The results show quite plainly the danger of trying to distribute load using any method that could directly expose
the patterns in your data.
$ python hashing.py
alpha
server0 35285 0.36
server1 22674 0.23
server2 29097 0.29
server3 12115 0.12
hash
server0 24768 0.25
server1 25004 0.25
server2 24713 0.25
server3 24686 0.25
md5
server0 24777 0.25
server1 24820 0.25
server2 24717 0.25
server3 24857 0.25
You can see that distributing load by first letters, where each of the four bins has a roughly equal number of
letters assigned to it, results in server 0 getting more than three times the load of server 3, even though it was assigned
only six letters instead of seven letters! The hash routines, however, both performed like champions. Despite all of the
strong patterns that characterize not only the first letters but also the entire structure and endings of English words,
the hash functions scattered the words evenly across these four fictional servers.
Though many data sets are not as skewed as the letter distributions of English words, sharded databases like
Memcached always have to contend with the appearance of patterns in their input data.

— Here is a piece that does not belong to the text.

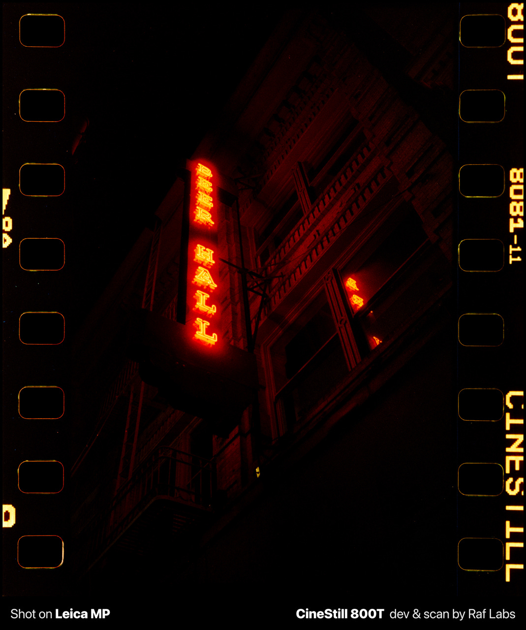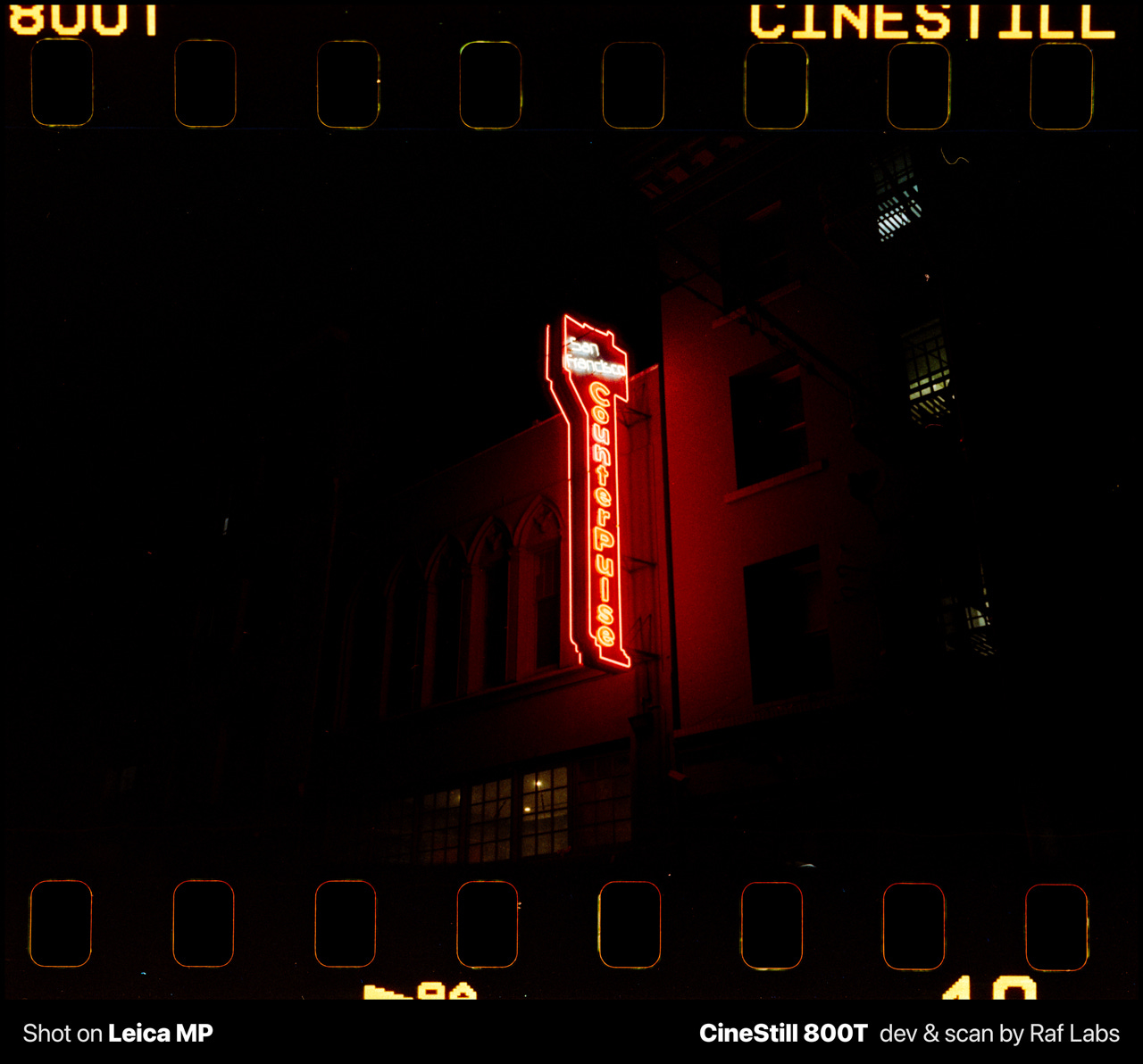 I loaded CineStill 800T on Tuesday night with one goal: capture the neon signs I’d been spotting around San Francisco during the day. Red glowing letters calling out from dark street corners. Light that makes you want to shoot at night.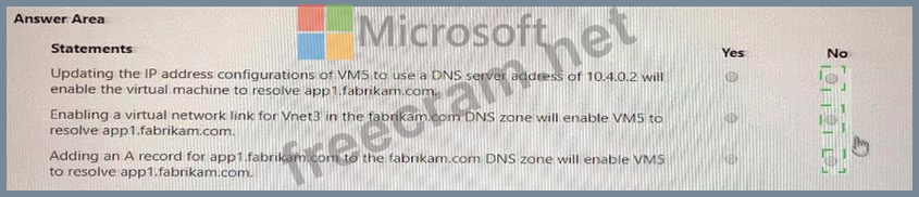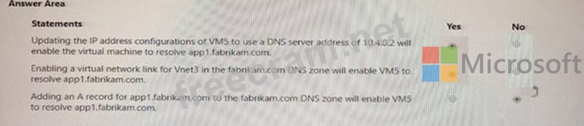 The virtual network links in the fabrikam.com DNS /one are configured as shown in the exhibit. (Click the Exhibit tab.) VMS fails to resolve the IP address for.appKfabrik3in.com.

Listing 8-1, for example, was not unusual in its use of keys that always began with a common prefix and that
were followed by characters from a restricted alphabet: the decimal digits. These kinds of obvious patterns are why
sharding should always be performed through a hash function.
Of course, this is an implementation detail that you can often ignore when you use a database system like
Memcached whose client libraries support sharding internally. But if you ever need to design a service of your own
that automatically assigns work or data to nodes in a cluster in a way that needs to be reproducible between several
clients of the same data store, then you will find the same technique useful in your own code.
Message Queues
Message queue protocols let you send reliable chunks of data that the protocols call messages instead of datagrams
since, as you saw in Chapter 2, the idea of a datagram is specific to unreliable services where data can be lost,
duplicated, or reordered by the underlying network. Typically, a message queue promises to transmit messages
reliably and to deliver them atomically: a message either arrives whole and intact, or it does not arrive at all. Framing
is performed by the message queue protocol itself. Your clients using the message queue never have to loop and keep
calling something like recv() until a whole message has arrived.